### MATERIAL TO PROCESS
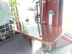 勿論、鉄の骨組みを溶接し作ってくれた職人さんも、当社メカニックがお客様の要望に応えた停止状態でも常に100ボルトの電源が使える様にしたシステムも凝っていて素晴らしいのですが、やはりその仕事を最後に隠してしまうボックスとボードを手作業で作ってくれた大工さんが凄い!
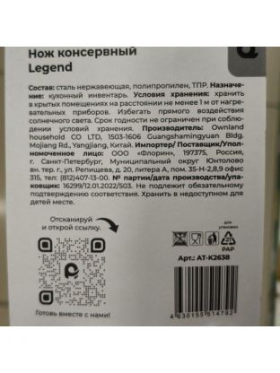 Нож консервный нержавеющая сталь, рукоятка пластик, навеска, Atmosphere, Legend, AT-K2638
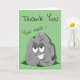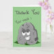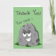 Rolig grå seriefigur-sten med halvslutna ögon och en stor tandig flin. Han vilar på fräscht grönt gräs och orden "Tack, du är toppen!" i mörkgrå bokstäver överst på stenen.
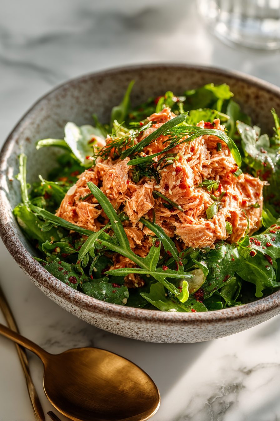 This tuna salad is the fast, noisy kitchen hack I fall back on when the week collapses and everyone wants dinner now. It’s basically canned tuna doing the heavy lifting with a spicy kick, a creamy binder, and something bright to cut through the richness — four ingredients, zero fuss, maximum “I made dinner” credit. It’s great for sandwiches, scooped on crackers, or thrown on top of a pile of greens for the kind of satisfying lunch that tastes like more effort than it was.
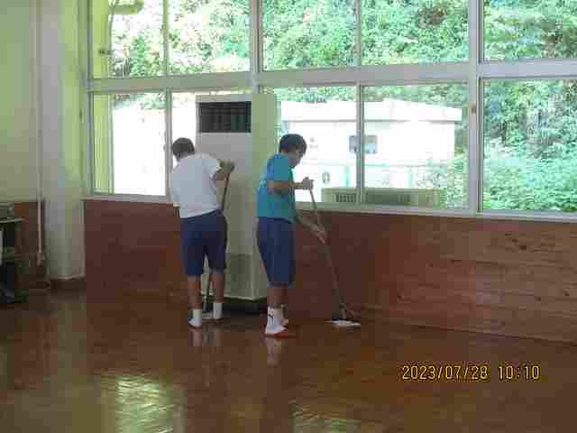 7月18日と28日に美化委員や部活動で来校していた生徒の皆さんで、ワックスがけを行いました。

### REQUIREMENT
Write out again, exactly, the lines from the start of the listing up to the line containing "Rolig grå seriefigur-sten", with both ends and without pictures.

### SOLUTION
 勿論、鉄の骨組みを溶接し作ってくれた職人さんも、当社メカニックがお客様の要望に応えた停止状態でも常に100ボルトの電源が使える様にしたシステムも凝っていて素晴らしいのですが、やはりその仕事を最後に隠してしまうボックスとボードを手作業で作ってくれた大工さんが凄い!
 Нож консервный нержавеющая сталь, рукоятка пластик, навеска, Atmosphere, Legend, AT-K2638
 Rolig grå seriefigur-sten med halvslutna ögon och en stor tandig flin. Han vilar på fräscht grönt gräs och orden "Tack, du är toppen!" i mörkgrå bokstäver överst på stenen.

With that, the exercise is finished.